The RX receiver is a Spektrum AR500. More of a heavy duty type. It was installed by removing the tender shell and then building a platform for it to rest on. Also this is where the on/off switch is located and up close to the water door opening. Also the charging connection is there also. 

Now that I got my work done in the yard I can hopefully try it out tomorrow. Later RJD


----------



## JWLaRue (Jan 3, 2008)

Looks good and looking forward to a run report.

Question: with the Spectrum receiver inside the tender, where is the antenna?

-tnx,

Jeff 
@import url(http://www.mylargescale.com/Provide...ad.ashx?type=style&file=SyntaxHighlighter.css);@import url(/providers/htmleditorproviders/cehtmleditorprovider/dnngeneral.css);


----------



## weaverc (Jan 2, 2008)

Jeff,
One of the nice things about 2.4 GHz receivers is that they are small with short antennas. This one is a little larger than a quarter with antennas less than 2 inches. Other Spektrum receivers are similarly small. Two of my receivers are buried inside tenders with no interferance at all.


----------



## JWLaRue (Jan 3, 2008)

Carl,

I am pleasantly surprised to learn that 2.4GHz receivers can be used with the antenna(s) enclosed in metal.
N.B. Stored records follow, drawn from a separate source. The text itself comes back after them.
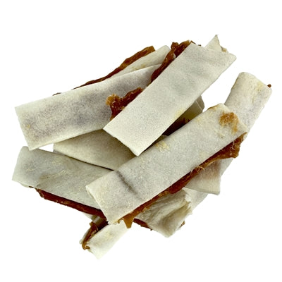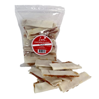 I Am Chicken D'Light Rawhide is een stevige hondensnack gemaakt van kip en runderhuid. Deze kauwsnack is eiwitrijk en heeft een compacte vorm, waardoor hij geschikt is als tussendoortje of beloning.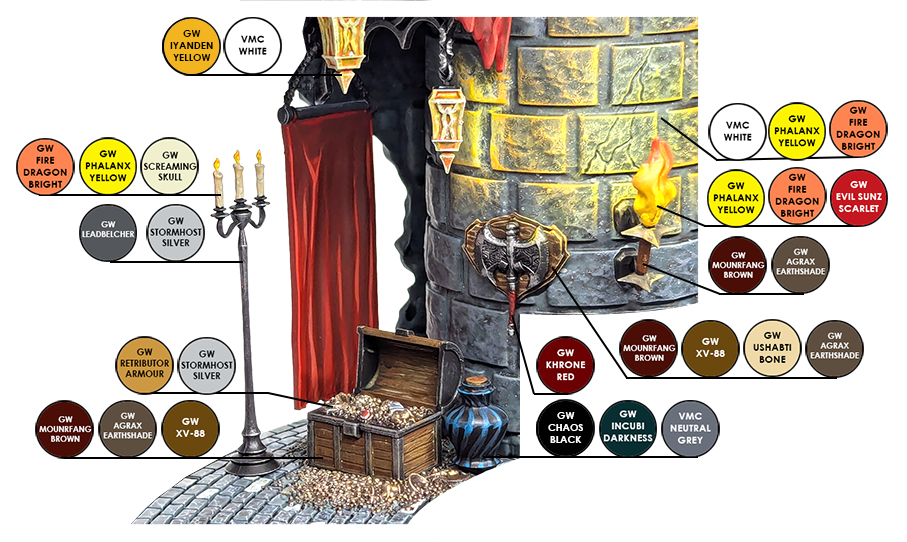 Basecoat - Citadel Retributor Armor Drybrush - Citadel Stormhost Silver Gemstone - Citadel Mephiston Red Gemstone Highlights - Citadel Wild Rider Red Gemstone Spot Highlight - Vallejo Model Color WhitePainting the Wall Mounted Torch
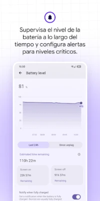 Battery Guru no solo informa, sino que te empodera con funcionalidades prácticas. Evalúa la eficiencia de tus cargadores y cables siguiendo la velocidad de carga, el voltaje y la potencia en vatios y corriente en tiempo real, lo que te permite seleccionar los accesorios más óptimos. Mantente siempre al tanto con alarmas personalizables para niveles de batería bajos, carga completa o temperaturas elevadas, configurando sonidos e iconos a tu gusto. Para una consulta inmediata, los widgets adaptables en tu pantalla de inicio muestran el nivel, la temperatura y el estado de carga con un diseño intuitivo.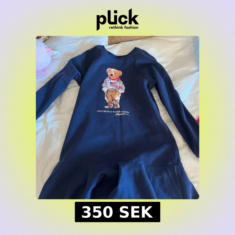Säljer en mörkblå klänning från Polo Ralph Lauren med en söt björn på framsidan. Klänningen har långa ärmar och en avslappnad passform. Perfekt för en mysig dag.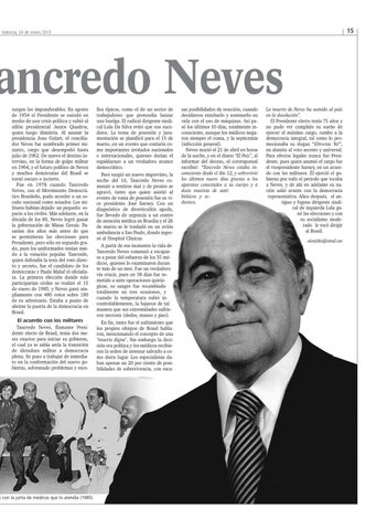 ancredo Neves surgen los imponderables. En agosto de 1954 el Presidente se suicidó en medio de una crisis política y subió al sillón presidencial Janios Quadros, quien luego dimitiría. Al asumir la presidencia Joao Gulart, el conciliador Neves fue nombrado primer ministro, cargo que desempeñó hasta julio de 1962. De nuevo el destino intervino, en la forma de golpe militar en 1964, y el futuro político de Neves y muchos demócratas del Brasil se tornó oscuro e incierto. Fue en 1978 cuando Tancredo Neves, con el Movimiento Democrático Brasileño, pudo acceder a un escaño nacional como senador. Los militares habían dejado un pequeño espacio a los civiles. Más adelante, en la década de los 80, Neves logró ganar la gobernación de Minas Gerais. Pasarían dos años más antes de que se permitieran las elecciones para Presidente, pero sólo en segundo grado, pues los uniformados tenían miedo a la votación popular. Tancredo, quien defendía la tesis del voto directo y secreto, fue el candidato de los demócratas y Paulo Maluf el oficialista. La primera elección donde solo participarían civiles se realizó el 15 de enero de 1985, y Neves ganó ampliamente con 480 votos sobre 180 de su adversario. Estaba a punto de abrirse la puerta de la democracia en Brasil.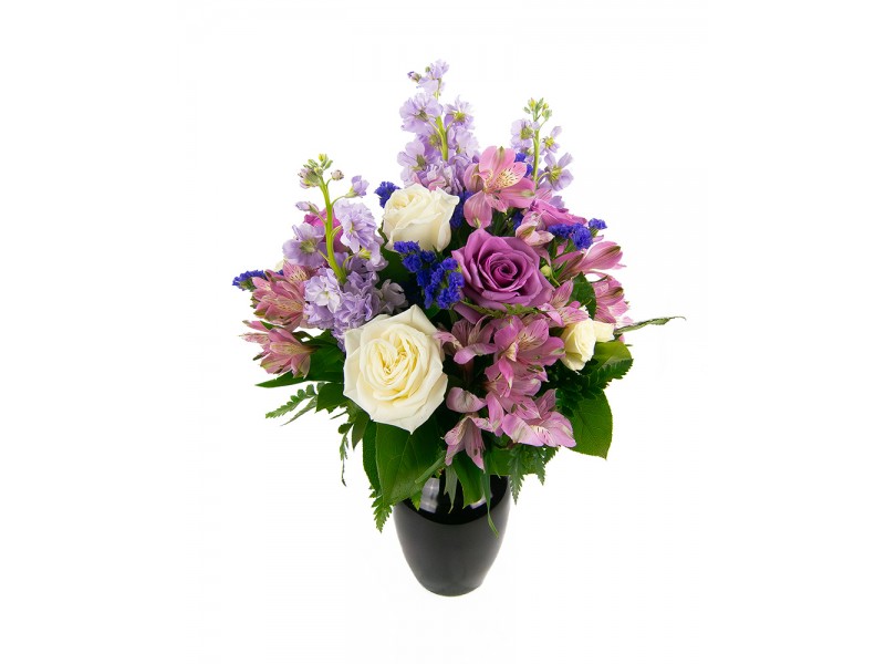 Celebrate the beauty of love with our Devoted Love Floral Arrangement. This exquisite display features a harmonious blend of purple and white stock, pristine white roses, and lush assorted greenery. Each bloom is carefully selected and artfully arranged in a deep purple vase, creating a striking contrast that enhances the beauty of the flowers. Perfect for any occasion, this elegant arrangement brings a sense of tranquility and grace to your home or office.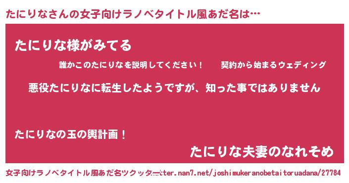 | 意味不明あだ名 | 『住所不定無職たにりな(39歳)』 |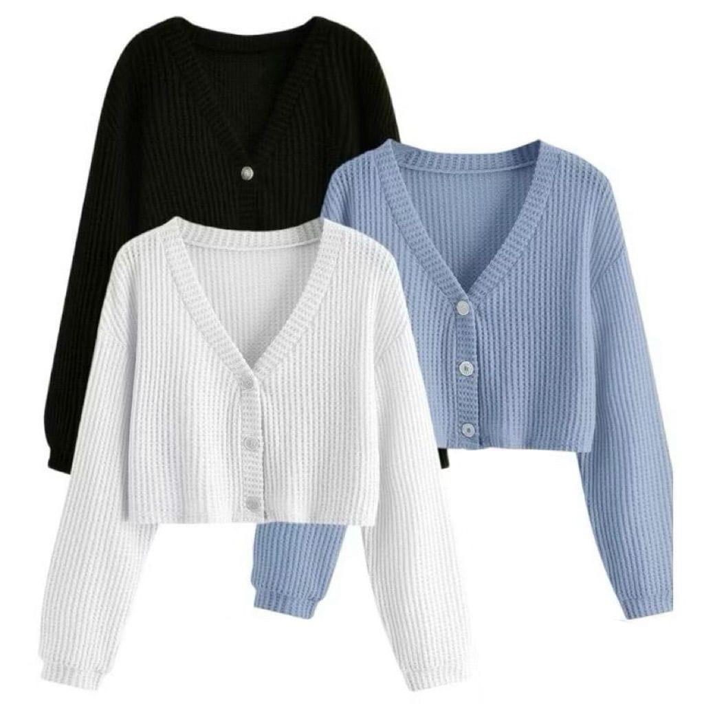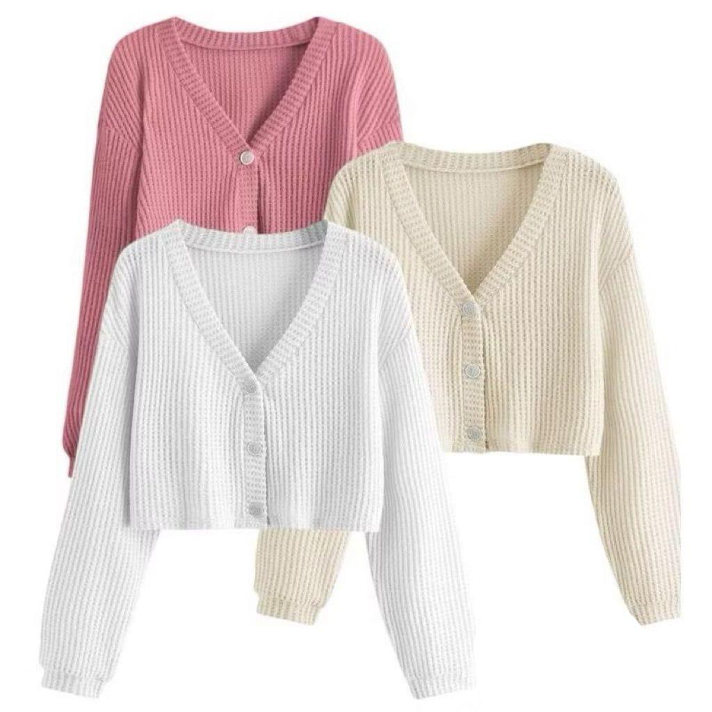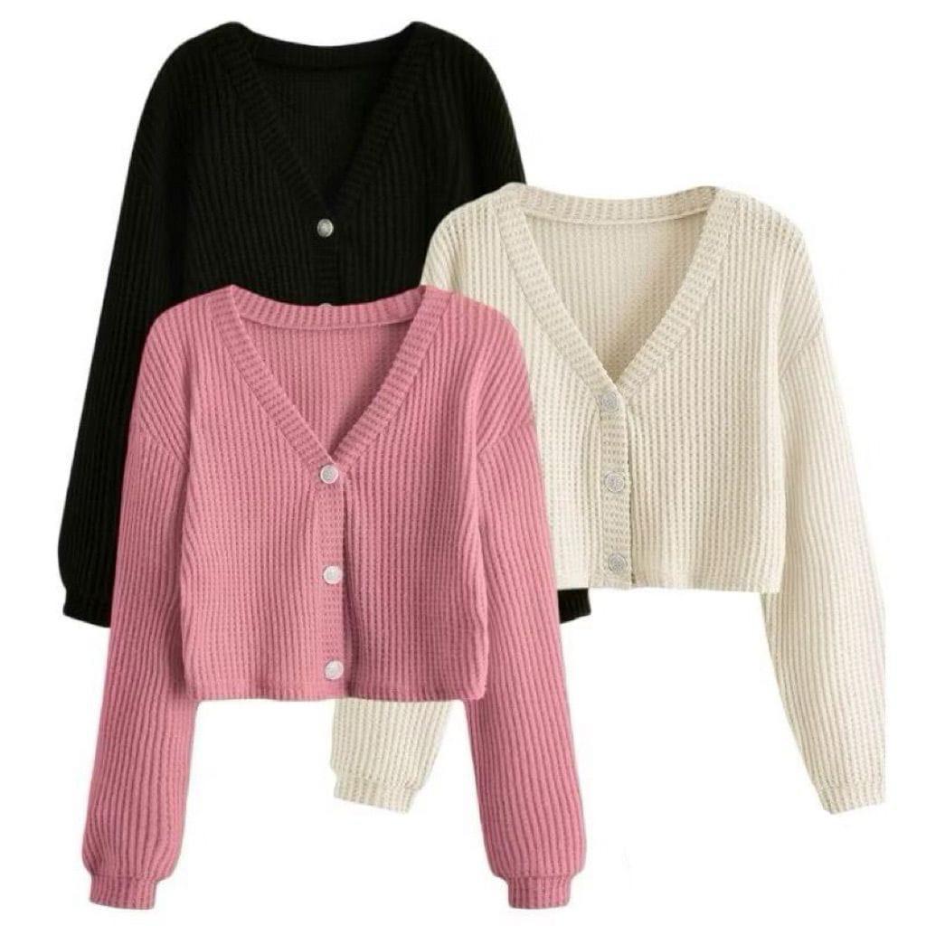 Cardigan Rajut Crop Top Korean Style Kancing Paket 3 Pcs / Sweater Waffle Wanita Lengan Panjang

My current use of that kind of r/c is in boats made from fiberglass, hence no metal shielding worries.

-tnx,

Jeff


----------



## aceinspp (Jan 2, 2008)

Like wise mine is also inside the tender. Little interference and one must remember we do not get to far away from ones loco. Later RJD


----------



## jlinde (Jan 2, 2008)

Thank you for posting this! I've been puzzling over this install for quite a while. Note - In Accucraft-speak, "RC ready" means "not completely impossible to modify for RC."


----------



## aceinspp (Jan 2, 2008)

Well it is not impossible to RC but I do believe the ad is a bit deceiving as far as I'm concerned. R/C ready to me is like a plug and play install. They got me once but not again. Later RJD


----------



## Phippsburg Eric (Jan 10, 2008)

Well, It is such a nice engine, even if it didn't say R/C Ready you would have jumped on it!


----------



## Pete Thornton (Jan 2, 2008)

I do believe the ad is a bit deceiving as far as I'm concerned. R/C ready to me is like a plug and play install 
There's a whole thread about what Accucraft means by 'r/c ready', that happened about the time the EBT #12 came out, which was also r/c ready. 

I'm not disagreeing with you - while EBT #12's tender is definitely r/c ready - even to holes pre-drilled under the water hatch for your switches and sockets; the loco is not. 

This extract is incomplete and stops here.